**PROVIDED DATA**
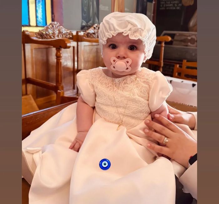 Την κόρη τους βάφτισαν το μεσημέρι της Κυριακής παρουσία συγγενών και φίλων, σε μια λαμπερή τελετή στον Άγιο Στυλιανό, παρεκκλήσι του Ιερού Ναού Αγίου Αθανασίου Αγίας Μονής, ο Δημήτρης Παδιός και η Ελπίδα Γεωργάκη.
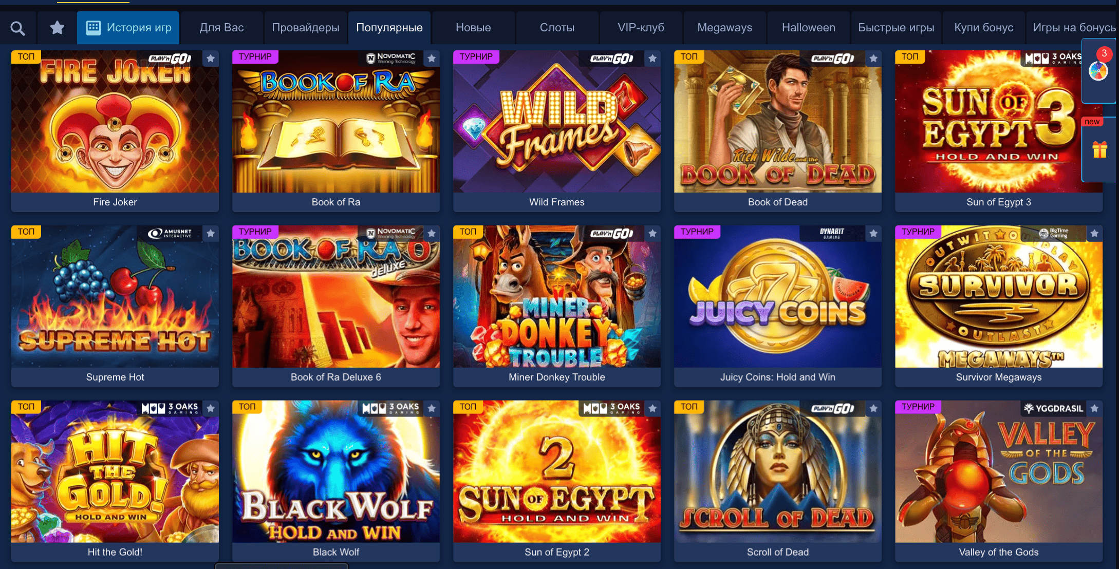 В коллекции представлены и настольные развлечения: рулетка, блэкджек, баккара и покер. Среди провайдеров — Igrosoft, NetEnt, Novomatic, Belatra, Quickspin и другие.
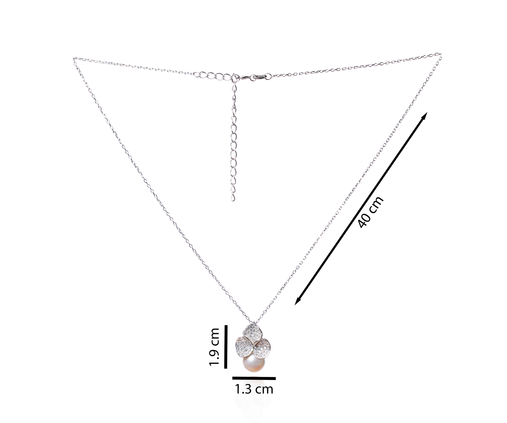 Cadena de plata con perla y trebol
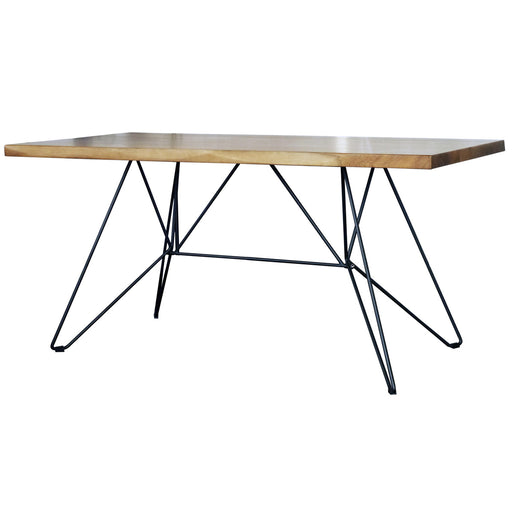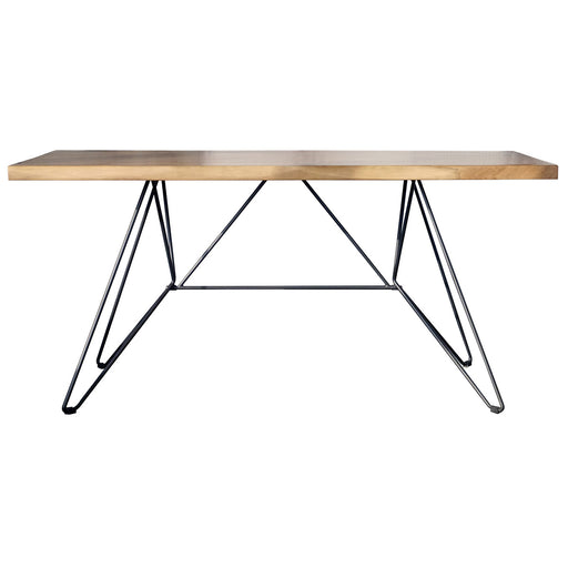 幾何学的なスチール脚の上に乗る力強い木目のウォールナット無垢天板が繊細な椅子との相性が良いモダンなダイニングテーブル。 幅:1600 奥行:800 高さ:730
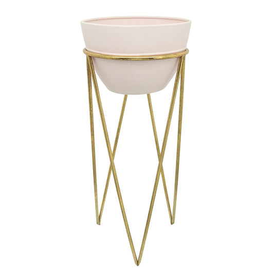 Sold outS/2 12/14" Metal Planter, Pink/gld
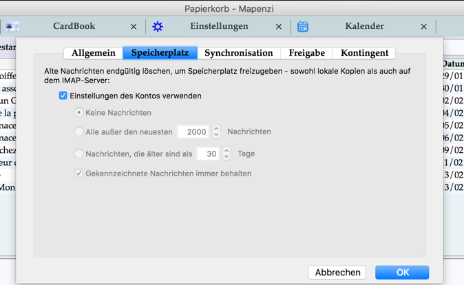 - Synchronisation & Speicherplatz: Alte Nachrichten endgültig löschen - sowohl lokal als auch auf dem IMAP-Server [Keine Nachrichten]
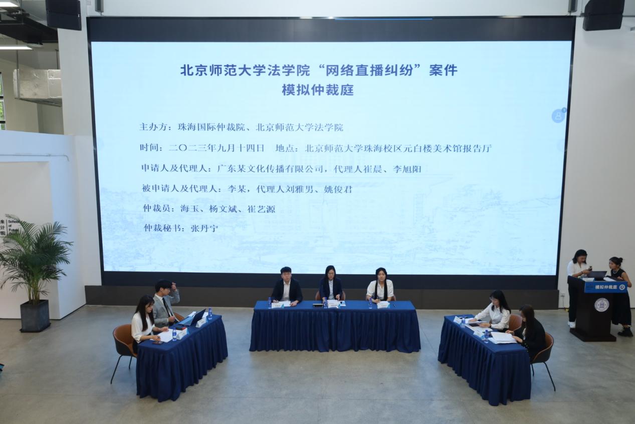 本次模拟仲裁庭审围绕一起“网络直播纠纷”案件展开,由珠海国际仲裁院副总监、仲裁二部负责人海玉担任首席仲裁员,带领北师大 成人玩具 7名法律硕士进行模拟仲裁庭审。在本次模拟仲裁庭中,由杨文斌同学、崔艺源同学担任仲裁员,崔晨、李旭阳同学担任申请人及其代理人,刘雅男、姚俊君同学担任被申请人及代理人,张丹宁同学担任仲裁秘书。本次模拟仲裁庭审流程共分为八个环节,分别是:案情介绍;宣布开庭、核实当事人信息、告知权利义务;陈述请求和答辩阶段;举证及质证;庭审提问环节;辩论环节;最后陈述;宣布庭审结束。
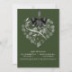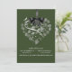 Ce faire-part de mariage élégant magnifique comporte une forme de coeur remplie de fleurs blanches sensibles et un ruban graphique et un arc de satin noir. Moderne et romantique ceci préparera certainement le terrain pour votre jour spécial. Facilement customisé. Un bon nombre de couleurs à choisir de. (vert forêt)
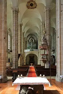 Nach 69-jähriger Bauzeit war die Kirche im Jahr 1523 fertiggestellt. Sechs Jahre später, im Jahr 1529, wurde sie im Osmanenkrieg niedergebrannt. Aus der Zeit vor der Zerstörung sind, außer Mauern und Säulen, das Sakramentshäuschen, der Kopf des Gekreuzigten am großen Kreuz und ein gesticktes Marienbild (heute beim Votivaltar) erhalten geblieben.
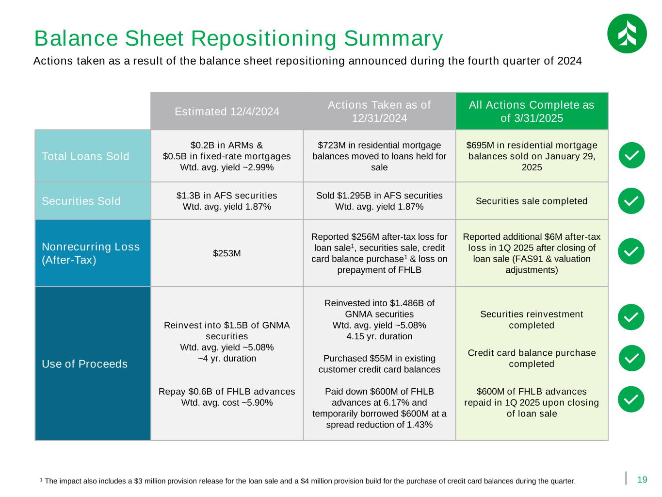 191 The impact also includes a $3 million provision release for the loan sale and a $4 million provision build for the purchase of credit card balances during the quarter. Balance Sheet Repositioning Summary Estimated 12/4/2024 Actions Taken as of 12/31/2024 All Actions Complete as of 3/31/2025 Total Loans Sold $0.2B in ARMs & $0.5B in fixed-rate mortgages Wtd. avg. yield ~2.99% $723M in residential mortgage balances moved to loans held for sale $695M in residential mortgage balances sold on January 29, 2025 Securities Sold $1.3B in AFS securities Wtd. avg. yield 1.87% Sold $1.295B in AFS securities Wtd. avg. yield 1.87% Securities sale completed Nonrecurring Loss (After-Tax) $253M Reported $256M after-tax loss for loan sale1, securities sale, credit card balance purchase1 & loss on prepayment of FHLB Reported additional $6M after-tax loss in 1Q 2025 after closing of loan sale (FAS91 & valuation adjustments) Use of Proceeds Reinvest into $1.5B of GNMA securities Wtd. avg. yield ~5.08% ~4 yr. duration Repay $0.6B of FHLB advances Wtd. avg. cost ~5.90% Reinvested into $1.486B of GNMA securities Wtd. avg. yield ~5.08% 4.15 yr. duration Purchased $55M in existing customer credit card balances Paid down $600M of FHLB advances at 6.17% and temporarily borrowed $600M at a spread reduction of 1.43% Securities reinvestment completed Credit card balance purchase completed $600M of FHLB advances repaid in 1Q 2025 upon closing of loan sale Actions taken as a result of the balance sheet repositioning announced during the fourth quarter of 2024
--
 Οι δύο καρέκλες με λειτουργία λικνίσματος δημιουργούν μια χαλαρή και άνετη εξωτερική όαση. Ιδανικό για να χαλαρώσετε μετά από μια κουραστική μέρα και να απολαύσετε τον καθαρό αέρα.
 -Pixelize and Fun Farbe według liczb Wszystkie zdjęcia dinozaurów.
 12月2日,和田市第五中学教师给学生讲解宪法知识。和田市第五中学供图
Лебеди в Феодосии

**TASK INSTRUCTIONS**
Return word for word the lines above from the line with "-Pixelize and Fun" to the line with "Лебеди в Феодосии", including both and leaving out all others.

**SOLUTION TO THIS EXERCISE**
 -Pixelize and Fun Farbe według liczb Wszystkie zdjęcia dinozaurów.
 12月2日,和田市第五中学教师给学生讲解宪法知识。和田市第五中学供图
Лебеди в Феодосии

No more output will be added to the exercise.